> Problem to work on
Would you write out the listing verbatim and skip every picture in it?
::::::
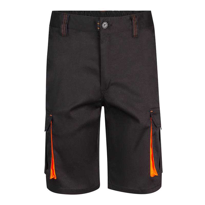 SHORT TROUSERS IN STRETCH FABRIC HORIZONTALLY AND VERTICALLY FOR MAXIMUM COMFORT - 90% nylon - 10% elastan - Black reinforcement fabric, in tear proof 400D nylon - Front and rear reflective prints - Two front pockets - Two patched pockets in tear proof fabric with covered press studs - A side pocket in tear proof fabric with removable key hook or badge holder; double pen holder and tools holder loop - Double back pocket for ruler and tools holder in anti-tear fabric and 4STRETCH logo - Two back pockets with velcro, in anti-tear fabric - Fluo yellow piping on the side and back pocket - Elastic waist and oversized loops - Covered snap button at the waist - No scratchy elements S42/44 M46/48 L50/52 XL54/56 XXL58/60 3XL62/64
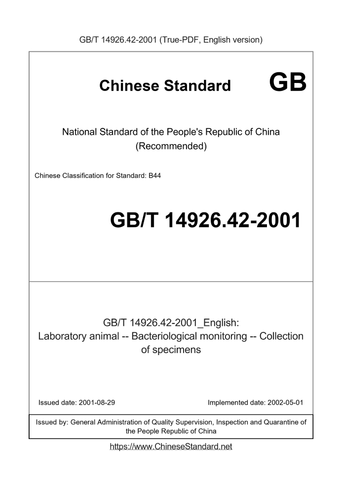 Delivery: <= 3 days. True-PDF full-copy in English will be manually translated and delivered via email. GB/T 14926.42-2001: Laboratory animal -- Bacteriological monitoring -- Collection of specimens Status: Valid
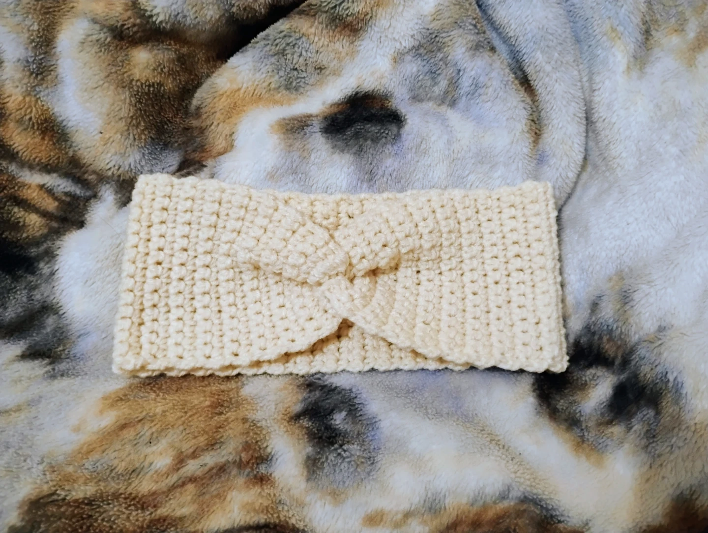 I'm selling a handmade crocheted headband. It's a lovely cream colour and has a cute twisted knot design. Perfect for keeping your ears warm on chilly days! They are perfect Christmas gifts
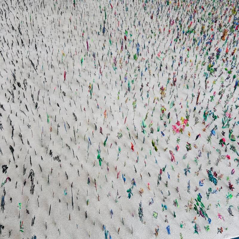 Op dit moment is in de kunsthal Flowers Forever te zien, met een bijzonder werk van een kunstenaar waarvan ik de naam weer even op moet zoeken; honderden stalen uitsnedes van bloemen die aan één kant grauw zijn, maar wanneer je om het enorme veld heen loopt zie je dat de andere kant kleurrijk is. Het doet me denken aan de affodillenvelden waar de gemiddelde mens na zijn dood naartoe gaat, volgens de oude Grieken - een plek met enkel grauwe nietszeggende bloempjes. Maar er is hoop; wanneer je even verder kijkt, blijkt er toch kleur te zijn.
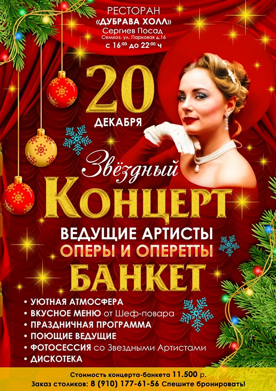 Мы приглашаем вас на волшебный новогодний БАНКЕТ, где выступят настоящие звезды ОПЕРЫ и ОПЕРЕТТЫ, харизматичные ВЕДУЩИЕ-ПЕВЦЫ!
::::::
> Task response
 SHORT TROUSERS IN STRETCH FABRIC HORIZONTALLY AND VERTICALLY FOR MAXIMUM COMFORT - 90% nylon - 10% elastan - Black reinforcement fabric, in tear proof 400D nylon - Front and rear reflective prints - Two front pockets - Two patched pockets in tear proof fabric with covered press studs - A side pocket in tear proof fabric with removable key hook or badge holder; double pen holder and tools holder loop - Double back pocket for ruler and tools holder in anti-tear fabric and 4STRETCH logo - Two back pockets with velcro, in anti-tear fabric - Fluo yellow piping on the side and back pocket - Elastic waist and oversized loops - Covered snap button at the waist - No scratchy elements S42/44 M46/48 L50/52 XL54/56 XXL58/60 3XL62/64
 Delivery: <= 3 days. True-PDF full-copy in English will be manually translated and delivered via email. GB/T 14926.42-2001: Laboratory animal -- Bacteriological monitoring -- Collection of specimens Status: Valid
 I'm selling a handmade crocheted headband. It's a lovely cream colour and has a cute twisted knot design. Perfect for keeping your ears warm on chilly days! They are perfect Christmas gifts
 Op dit moment is in de kunsthal Flowers Forever te zien, met een bijzonder werk van een kunstenaar waarvan ik de naam weer even op moet zoeken; honderden stalen uitsnedes van bloemen die aan één kant grauw zijn, maar wanneer je om het enorme veld heen loopt zie je dat de andere kant kleurrijk is. Het doet me denken aan de affodillenvelden waar de gemiddelde mens na zijn dood naartoe gaat, volgens de oude Grieken - een plek met enkel grauwe nietszeggende bloempjes. Maar er is hoop; wanneer je even verder kijkt, blijkt er toch kleur te zijn.
 Мы приглашаем вас на волшебный новогодний БАНКЕТ, где выступят настоящие звезды ОПЕРЫ и ОПЕРЕТТЫ, харизматичные ВЕДУЩИЕ-ПЕВЦЫ!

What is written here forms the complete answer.